On July 22, 2020, the United States Office of the Comptroller of the Currency issued a letter clarifying that national banks and federal savings associations can effectively take custody of cryptocurrency assets. In the letter, Bitcoin was also recognized as “the first widely adopted cryptocurrency”. On the same date, VISA, one of the largest payment companies with access to more than 61 million merchants worldwide, revealed its intention to offer Bitcoin (BTC), Ether (ETH) and XRP payments.
These steps towards general acceptance come at a fortuitous but painful time for the global economy. Unprecedented quantitative easing, fiscal stimulus and private bailouts have all returned in a much larger form than they existed in 2008. This time, however, they have all come in response to the crisis of the COVID- pandemic. 19. The Federal Reserve and central banks around the world are responding to the current financial crisis with trillions of new currency units, resulting in billions more in existing government debt. A sudden and exponential increase in a country’s money supply usually leads to high levels of inflation and, eventually, a massive devaluation of the currency.

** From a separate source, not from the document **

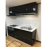 黒色の統一感があるキッチンになりました。床の色も明るくなり、カフェのキッチンのようなすっきりとした印象になりました。

And in these situations, a cryptocurrency like BTC, which has a fixed number of units, mathematically guaranteed, holds a unique inflation-proof value for investors.
One of these investors, Paul Tudor Jones, a revered hedge fund manager, holds around 2% of his assets in BTC. He sees Bitcoin as a hedge against inflation and the central bank’s rampant currency creation, likening the digital asset to gold in the financially troubled 1970s.
Mike Novogratz, president and CEO of Galaxy Digital – a diversified financial services company focused on the digital assets, cryptocurrency and blockchain technology industry – also sees the current financial crisis as an “incredible environment” for Bitcoin. On April 2, Novogratz told CNBC that he saw hedge funds and high net worth investors buy Bitcoin for the first time. Positive sentiment was already on the rise in 2019, with the price of Bitcoin nearly doubling, outperforming traditional investments including gold and the S&P 500. The current crisis has accentuated this trend.
In the midst of this economic downturn, Grayscale Investments announced the best quarter in its history. Investments, 88% of which are from institutional investors, reached an all-time high for Grayscale’s digital investment products, including Grayscale Bitcoin Trust, in the first quarter of 2020. The company has $ 2.2 billion in assets. under management. Total investments in Grayscale crypto products in the first quarter of 2020 amounted to $ 503.7 million, compared to around $ 1.07 billion per month in the past 12 months.
Cryptocurrency hedge fund assets under management more than doubled in 2019, rising to more than $ 2 billion at the end of last year, according to a survey released on May 11 by the Big Four audit firm PricewaterhouseCoopers and Elwood Asset Management Services published. Based on data from the world’s largest crypto hedge funds by assets under management, including crypto index funds and crypto venture capital funds, the crypto hedge fund industry is expected to grow significantly along with the price of Bitcoin. According to the report:
“Our Q1 2020 study shows that there are around 150 active crypto hedge funds. Almost two-thirds of them (63%) were launched in 2018 or 2019. Average assets under management increased from US $ 21.9 million to US $ 44 million. “
Of the hedge funds surveyed, 97% traded BTC, Ether at 67%, XRP at 38%, Litecoin (LTC) at 38%, Bitcoin Cash (BCH) at 31% and EOS at 25%. The substantial increase in AUM can be attributed to the increase in the prices of cryptocurrencies.
PwC partner and global crypto leader Henri Arslanian was quoted by Bloomberg:
“I expect the crypto hedge fund industry to grow significantly over the next several years, as investing in a crypto fund can be the easiest and most familiar entry point for many institutional investors who wish to enter this space. “
Hester Peirce, commissioner of the US Securities and Exchange Commission, is also seeing increased institutional demand. She confidently said that she “sees more interest from institutions than we have had in the past. I think this will continue … as people look to diversify their portfolios, I think people are also likely to look more to the crypto space.
In conclusion, the crypto hedge fund space has proven, through its growth, resilience and performance, to be a significant investment opportunity. The PwC report, along with the competing opinions of several well-known finance figures, is further proof of this. In the current context of economic uncertainty, crypto hedge funds offer an easy access point to this safe haven for institutional investors. What’s most exciting, however, is that this is just the beginning.
The views, thoughts and opinions expressed herein are the sole ones of the author and do not necessarily reflect or represent the views and opinions of Cointelegraph.